Performance Monitoring for GCP, IBM, Kubernetes & Azure SQL Quest advanced features of Foglight
With now presented Foglight products Quest Software wants to eat the Performance Monitoring for Hybrid environments verb. Evolve 9.3 supports GCP, as well as Workload and cost management for Kubernetes; the Performance Investigator provides an analysis Toolset for Azure SQL Single Database and Elastic Pools.
The Cost-Director of Foglight Evolve takes into account the GCP and help to identify cost hybrid environments better than before, to manage and predict.
Quest Software (Quest) extends the functionality of Foglight Evolve and Foglight Performance Investigator. Users of hybrid infrastructures should go databases, as well as the consumption of resources so deep than in the past to analyze and, as a result determine which Workloads can migrate to the Cloud.

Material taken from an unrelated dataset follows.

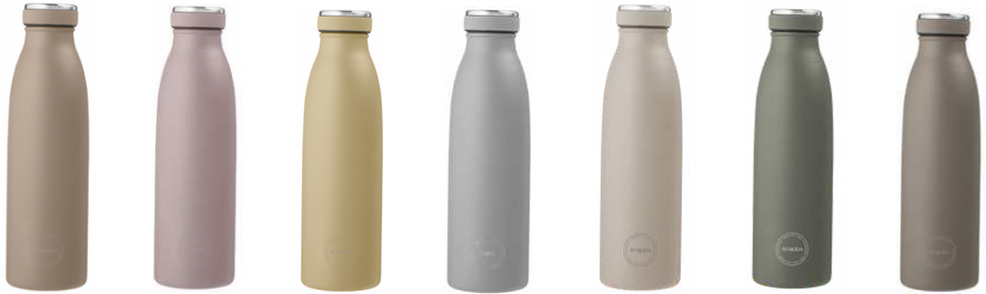
Dusty Brown 500 ml Item no. 1947

According to the manufacturer, Foglight Evolve 9.3 now fully supports the Google Cloud Platform (GCP). This includes performance Monitoring, and Cost Management. In addition, the manufacturer refers to a comprehensive and easy-to-use Workload and cost management Tool for Kubernetes environments. In order to take account of the growing use of Infrastructure as Code (IaC) account.
Automated Zombie hunting
It also offers a new Migration Assessment Tool for the IBM Cloud, as well as various automation capabilities. By Policy-Based Automation, organizations, virtual machines (VM) to start on Amazon Web Services (AWS) or Microsoft Azure in a time-controlled or can stop. The Cloud Optimizier Automation to set meanwhile VM Resizing and take care of potentially forgotten VMs, causing unnecessary costs (Zombie VMs)
Foglight for Databases
For now generally available Foglight for Databases 220.127.116.11 a new Performance Investigator (PI) for Azure SQL DB belongs to. Thus, the analysis Toolset for database professionals deliver far-reaching insights into the Performance of complex databases. The help, Workload data to break down and get a clear view of any potential Performance bottlenecks.
Users could compare in addition to actual Workloads with automated Foglight Baseline area; a Machine Learning (ML) based on the forecast of the Database load.